Les jeunes joueurs sont une proie, car l’industrie du divertissement sportif a créé une «entreprise de football» qui doit être constamment entretenue. Il faut donc rechercher des jeunes talents où qu’ils se trouvent, en France et, en particulier, en Île-de-France. Le football génère tellement d’argent que derrière un jeune joueur, il y a beaucoup de gens qui essaient de capitaliser sur son succès: ses parents, qui veulent souvent accompagner la pépite familiale. Des éducateurs, parfois désireux de gratter une petite note car ils ont contribué à la formation du joueur. Les agents, doués pour faire trembler le miroir aux alouettes, les intermédiaires qui veulent leur part du gâteau. Il existe désormais aussi des clubs amateurs, qui se positionnent comme de véritables centres de formation qui ne parlent pas de leur nom en exposant les jeunes et en servant de tremplin aux centres de formation.

Cela va trop loin. La mission principale des clubs de football est de former et de soutenir les jeunes. Comme l’a conclu un éducateur de Trappes, le rôle de l’éducateur est aussi d’empêcher ces jeunes de «rester au pied des immeubles». Il existe un véritable vivier de talents en Île-de-France, mais votre priorité doit être de les transformer en citoyens éduqués, pas en marchandise.

La question qui se pose tout au long du livre est aussi celle du statut de l’éducateur de football. Comment gagner décemment sa vie grâce à son travail d’éducateur et éviter d’avoir un double rôle en devenant agent ou en souhaitant participer à une relocalisation? Il doit être reconnu pour son rôle de soutien social. Il faut faire confiance aux joueurs sur le terrain … au football.

La fédération est-elle consciente de ces problèmes?

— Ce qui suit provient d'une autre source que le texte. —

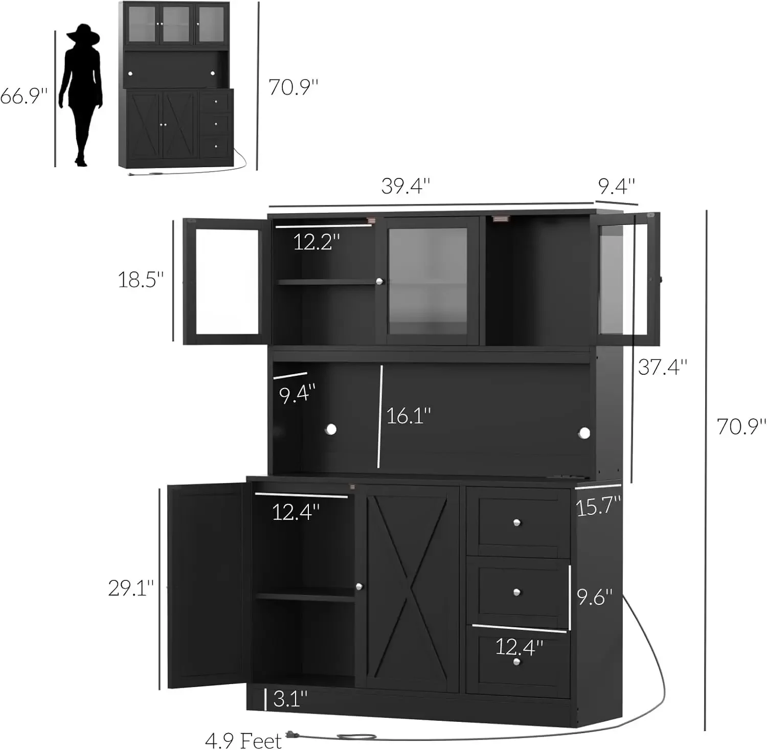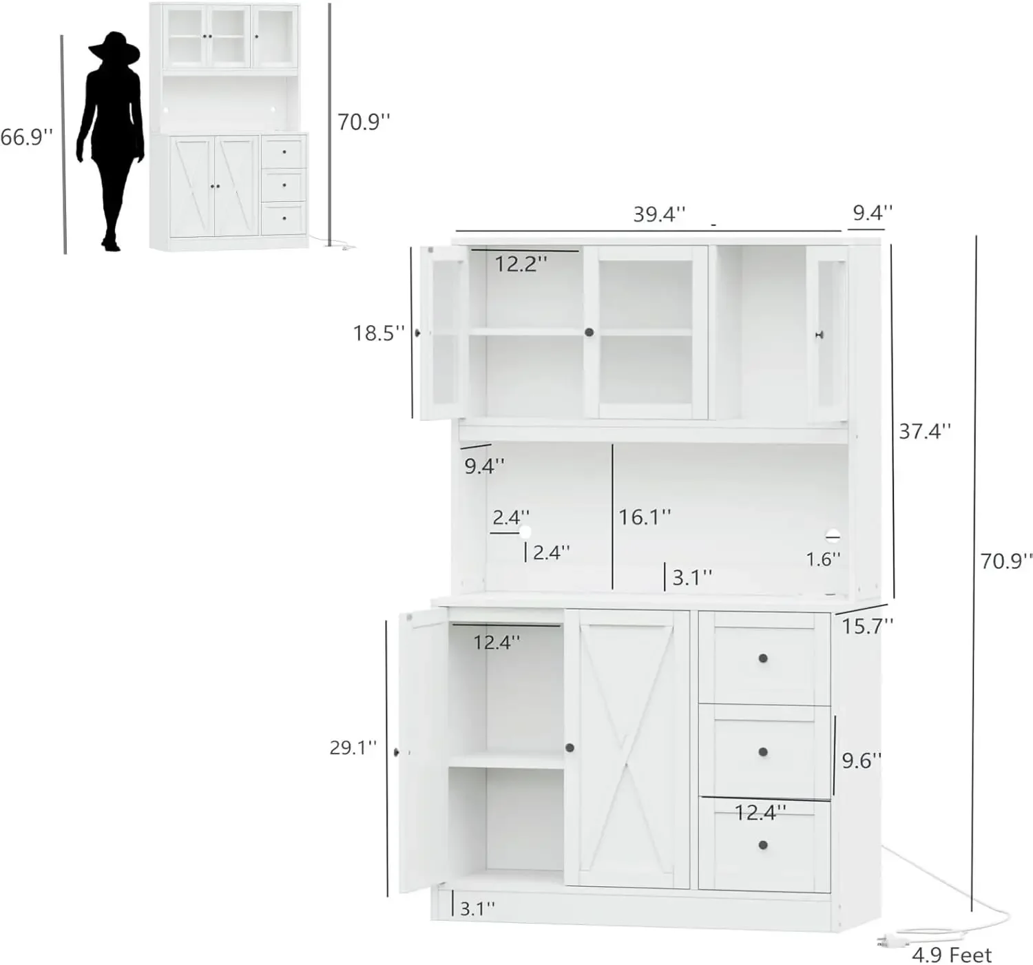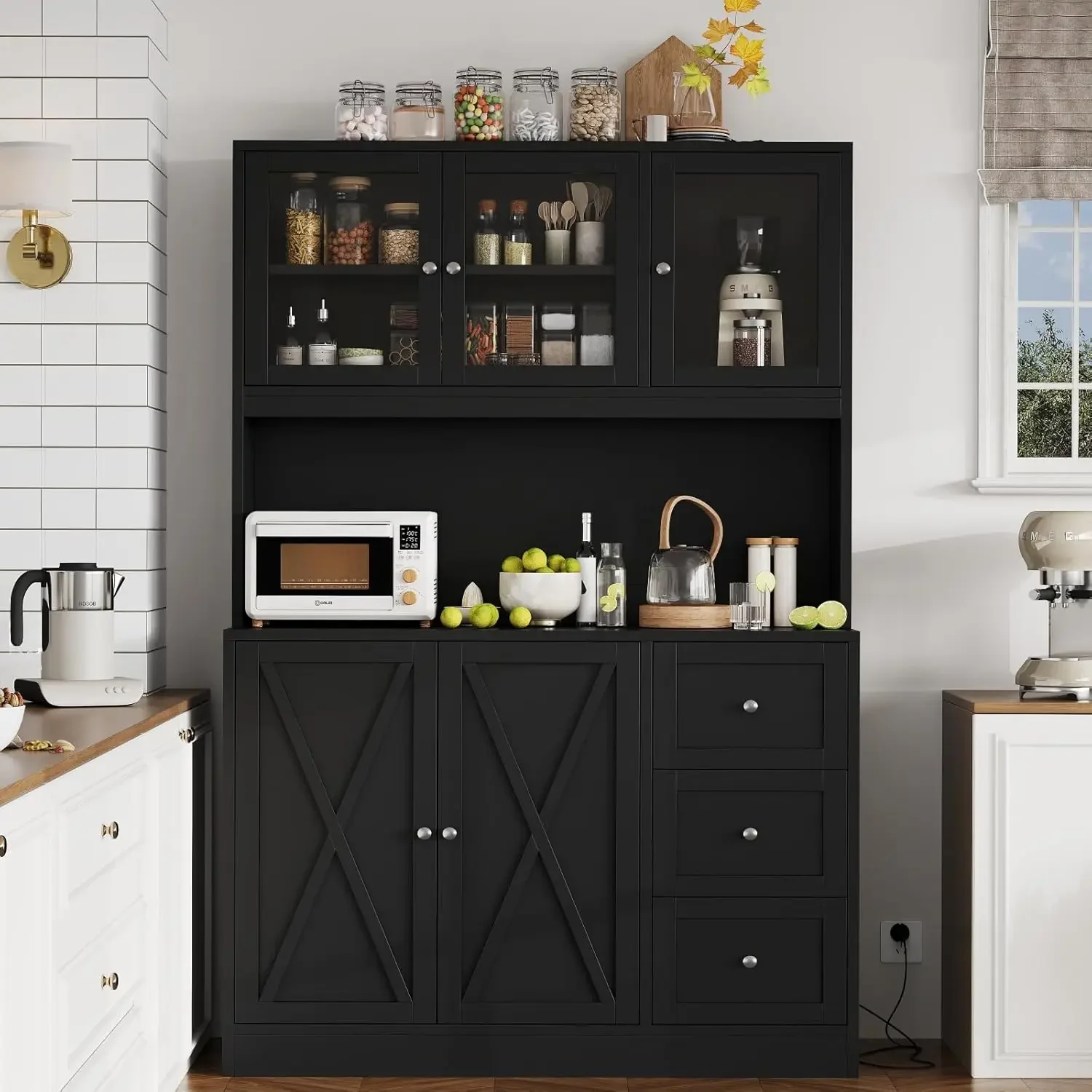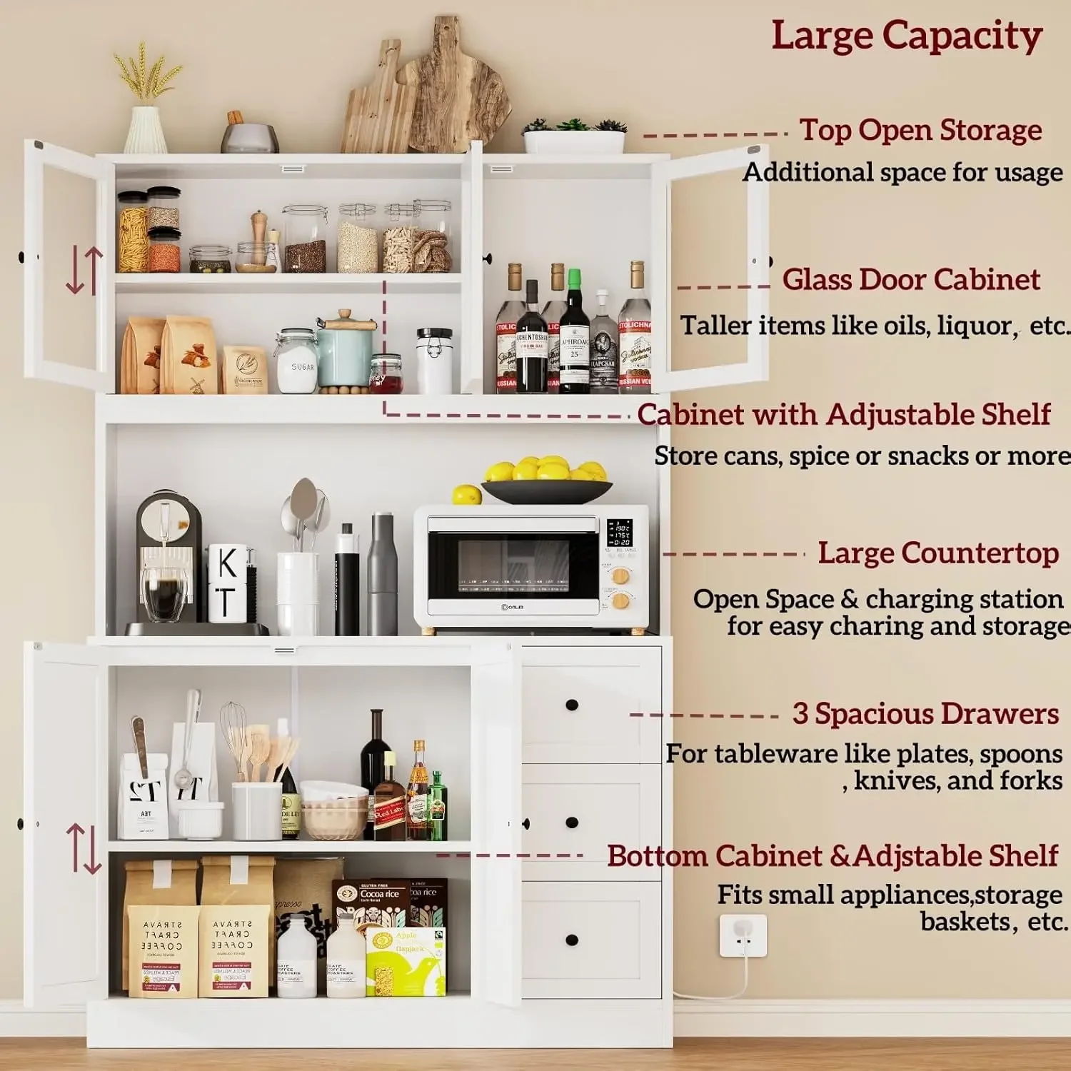 - Upgrade Your Kitchen Storage: Keep everything in a storage option! This pantry cabinet is designed with visible upper glass doors for cans. As for the upper right cabinet, the taller item suits well. Spacious countertop can accommodate microwave, coffee maker, toaster. Besides this, the bottom cabinet with adjustable shelf and 3 drawers provide more choice for dinnerware,etc.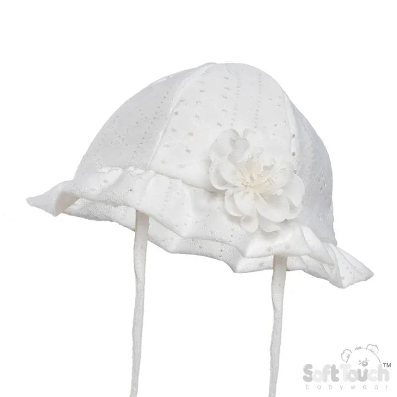 Dívčí letní klobouček s květinkou bílá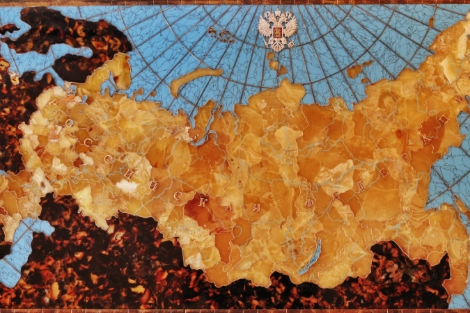 [/IMG]Накануне Дня России калининградские ювелиры изготовили из янтаря, золота, серебра и бирюзы внушительных размеров карту нашей страны. Причем, как говорят, эта карта - первая, на которой изображен Крым как часть Российской Федерации. Трудились над картой два месяца 12 мастеров. Сейчас она украшает одну из стен в музее Калининградского янтарного комбината. Примечательно, что в музее уже есть один подобный экземпляр — карта Калининградской области, которая также выполненная из янтаря.
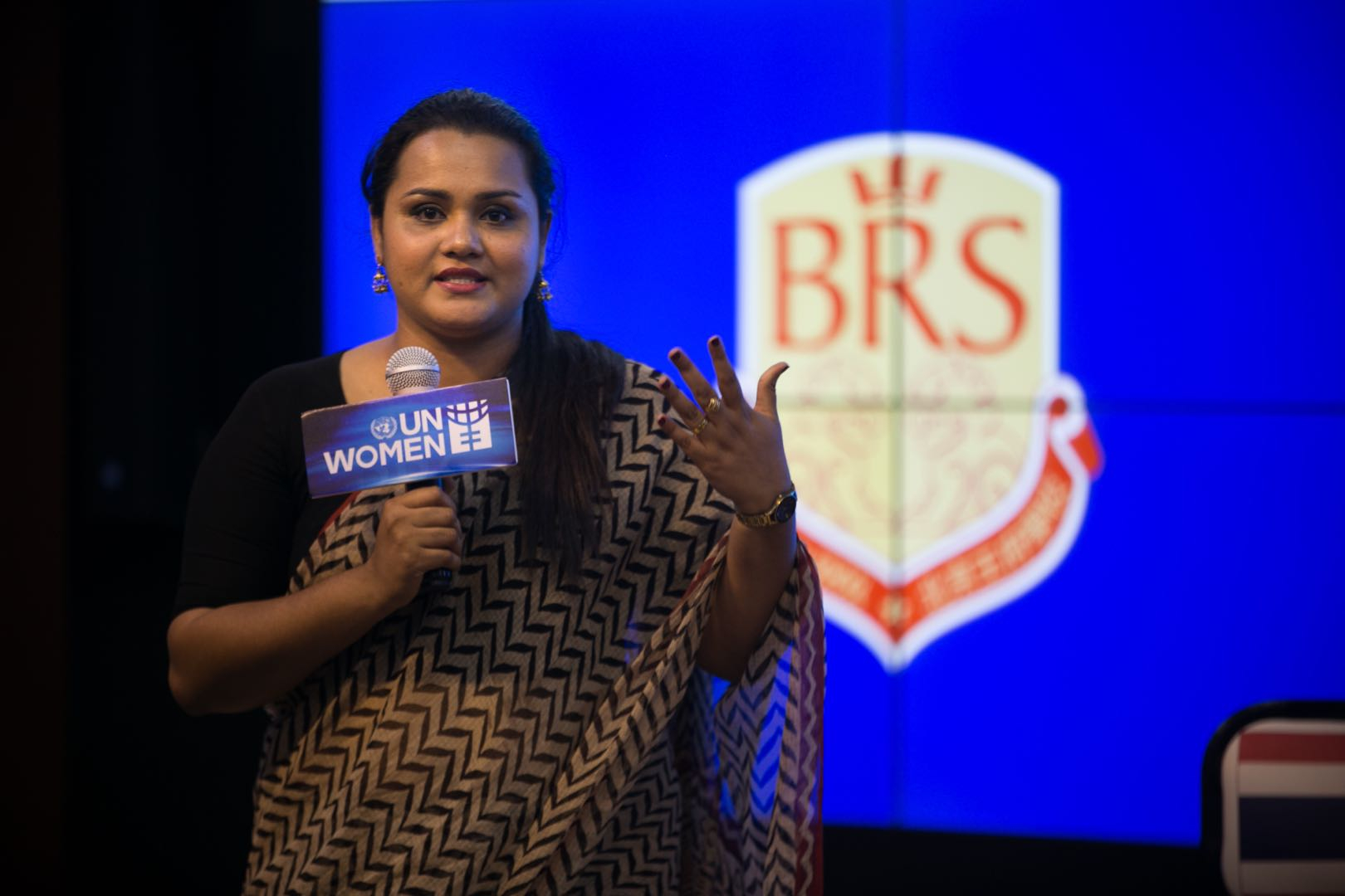 Jayathma Wickramanayake at a gender and peer education dialogue hosted by the UN Women China. /UN Women China Photo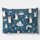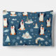 Das Bild ist ein Muster von niedlichen Cartoon Pinguinen auf blauem Hintergrund mit Schneeflocken. Die Pinguine sind in verschiedenen Posen dargestellt: stehend, winkend, mit Hüten und Schals tragen und mit Winterelementen wie Schneefräsen, Weihnachtsbäumen und Iglus interagieren. Die ästhetische Gestaltung ist fröhlich, festlich und kinderfreundlich.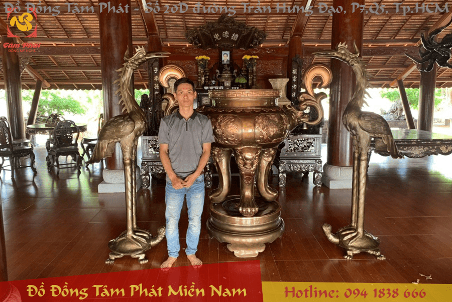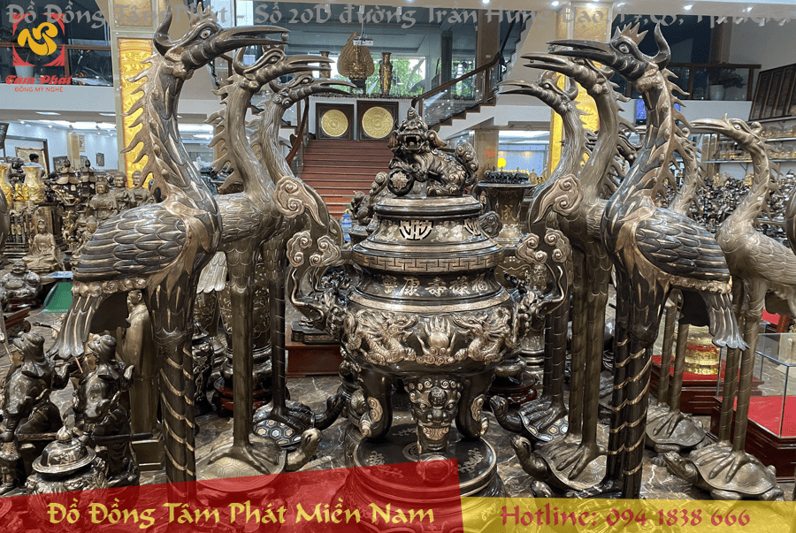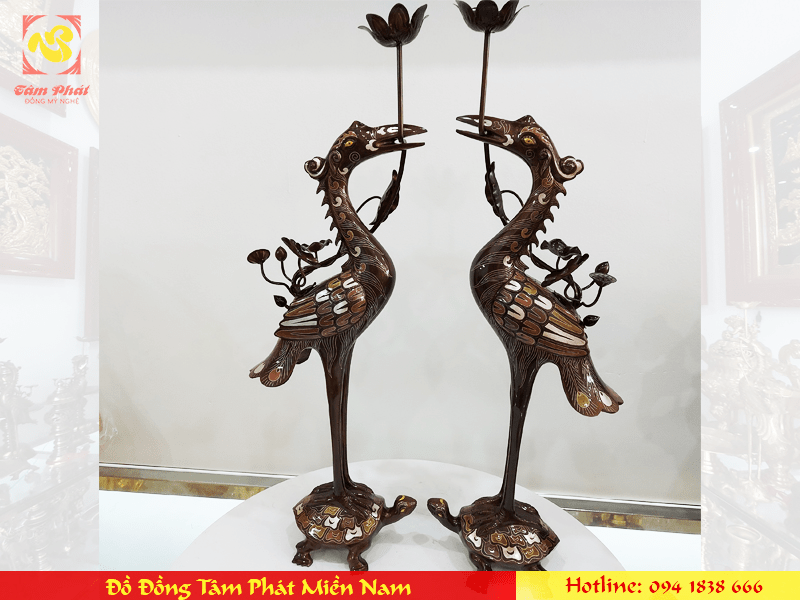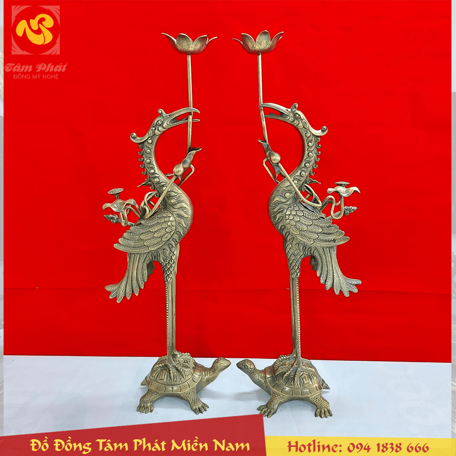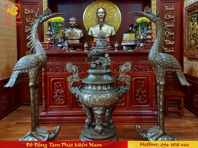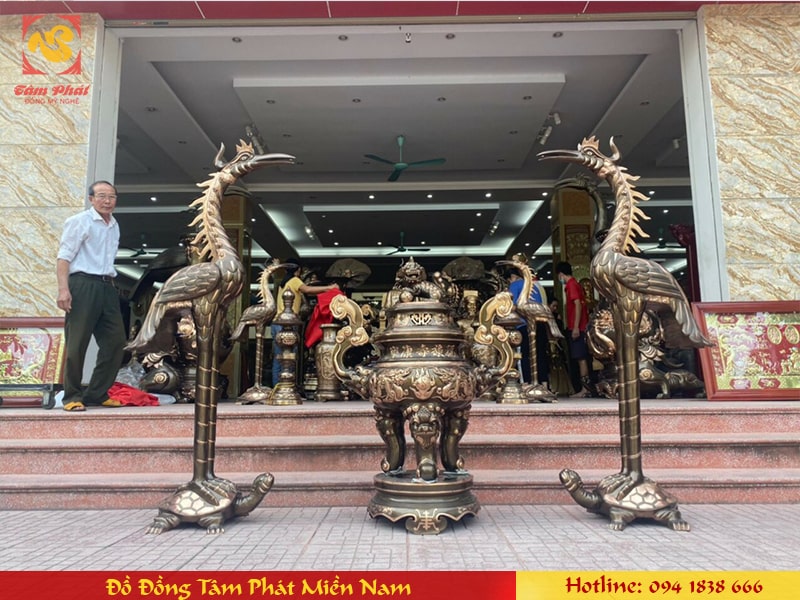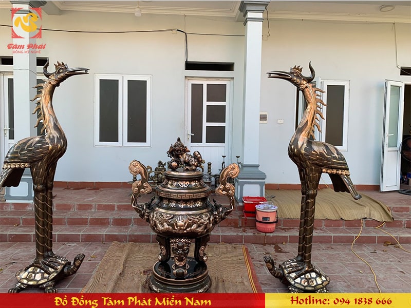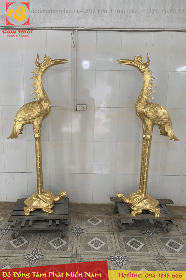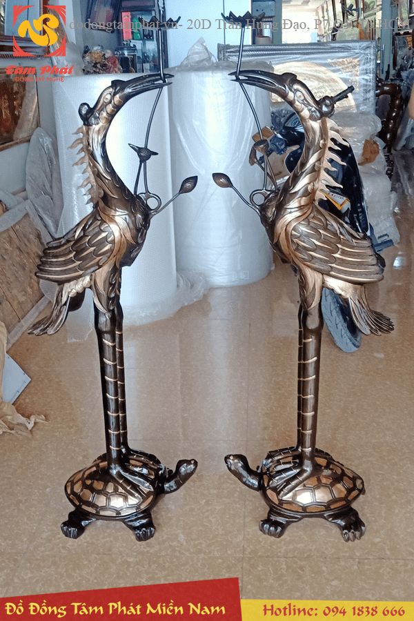 Đôi hạc thờ bằng đồng cát tút

Avec les récentes élections, le président de la ligue de football de Paris-Île-de-France, Jamel Sandjak, a rejoint le comité exécutif de la fédération. Il a récemment signé une chronique dans Le Monde qui résume ce que j’ai dit récemment: comment promouvoir l’éducateur dans le football amateur?

Elle est donc consciente de tous les excès, mais pour que cela change, elle aura besoin du soutien de la fédération et des pouvoirs publics. Il y a un besoin urgent de réfléchir.

Quelle est l’attitude des centres de formation et des clubs professionnels face à tout cela? Est-ce qu’ils alimentent cette entreprise?

Le commerce est l’affaire de nombreux clubs. Il s’agit de trouver des jeunes, de les préformer, de les former, de les exposer, pour pouvoir les vendre au meilleur prix. La Ligue 1 est désormais prise à son propre piège car elle est pillée par des clubs étrangers.

Avec la crise du Covid-19 et le fiasco Mediapro, le football français sera contraint de réinventer un modèle économique et ne pourra le faire sans avoir des clubs amateurs. C’est l’occasion de voir comment protéger la formation française. Nous devons sortir de l’hypocrisie de dire que la loi Buffet est suffisante. Il faut que les États généraux protègent la formation à la française et en capitalisent tout en veillant à ce que chaque acteur en profite. Aujourd’hui, le capitalisme sauvage du football a perverti tout le système et va nous faire exploser la face.